Because I am quiet and do not find everything to be funny, I have been designated, mostly by men and by others who value the qualities associated with being one, as uptight, reserved, not an easy laugh, and even, as one put it, psychically “starved.” I’m compelled to defend myself here by saying that if you tell me a joke that involves any solid, liquid, or gas escaping the knit of an asshole (if it is not rooted in misogyny or otherwise cruel), I’ll laugh. But here I see horror. I see self-abuse and sickness and flippancy. I see bulimia sped up.  
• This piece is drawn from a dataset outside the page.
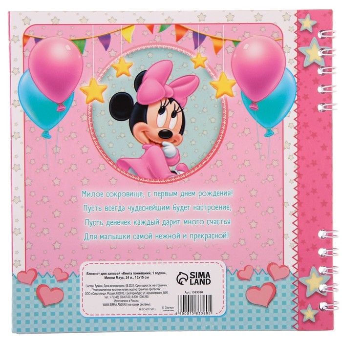 Книга пожеланий на 1 годик, Минни Маус, 24 листа
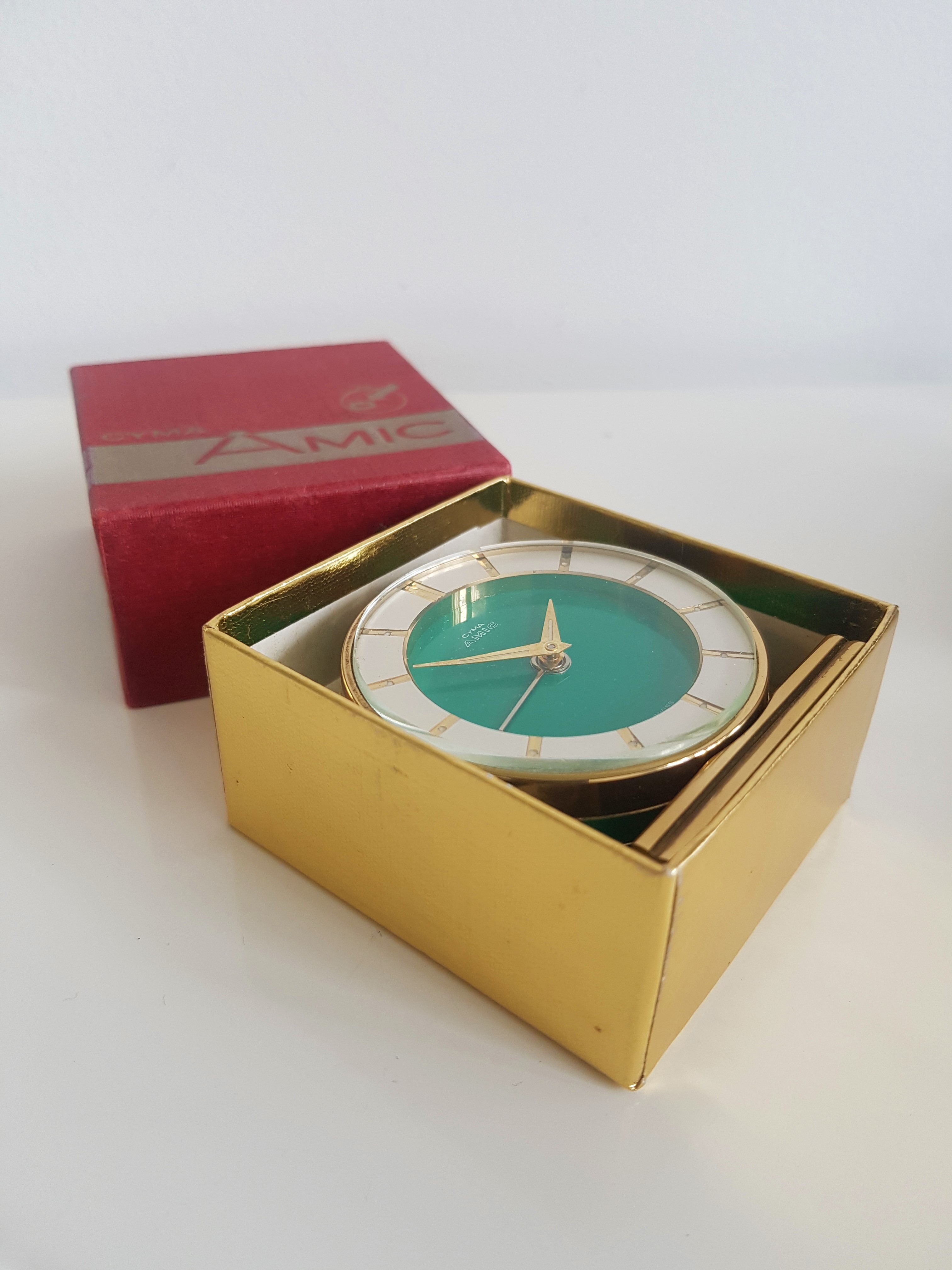 4. This one is a really cute Cyma Amic travel alarm coming complete with it's original box. I think this one based on design is probably from the early 1960's. Condition throughout is wonderful and it is functioning just great- €75 SOLD!

In parables (more than a comedy sketch or propaganda, this section of The Meaning of Life is a parable), violence befalling someone is shorthand for “lesson learned.” The point of the telling is for the listeners learn the lesson, too. But reduced to shorthand, the lesson, unless one knows it already, isn’t always discernable. A few days ago I watched an episode of The Office in which Will Ferrell’s character, as the office boss, ignores and belittles the women who work for him. I don’t need fiction to show me this, and I was ready to skip the episode, but then Alec said, “Are you sure you don’t want to finish it? In the end he gets what’s coming to him.” After being challenged to a basketball game, Ferrell’s character is too clingy with the dunk, and the hoop and stand tip over, putting him into a coma of indeterminable length. He was certainly punished for something. But what was the lesson of the parable, if one doesn’t already know it? The lesson seems to be that one should always check if the hoop is bolted to the ground before dunking like that.  

Because the violence that befalls him bears a mirror-resemblance to what he’s done, Mr. Creosote appears to get “what’s coming to him” in the strictest sense, and it would seem to follow that the lesson is easily discernable. Mr. Creosote eats irresponsibly, and he explodes. The complicating aftermath is that, in the same way he binges through his sickness, he endures, and, implied in the casualness with which the violence is received, will persist. Mr. Creosote appears to be immune to real and final consequence. Unless the consequence is implicit and universal: the sketch itself. Mr. Creosote’s very existence is his own punishment, and along with it, an enduring hatred from the characters with which he shares the scene and the viewers each time it’s viewed. But wouldn’t that make the writers of the sketch—the ones who took the bare bones of a fat man with an eating disorder and lathered him with depravity—responsible for the wrongdoing, if the creation is so vile that it embodies not only crime but also punishment? I don’t know. We don’t really care. We wanted to see him reach the brink and explode.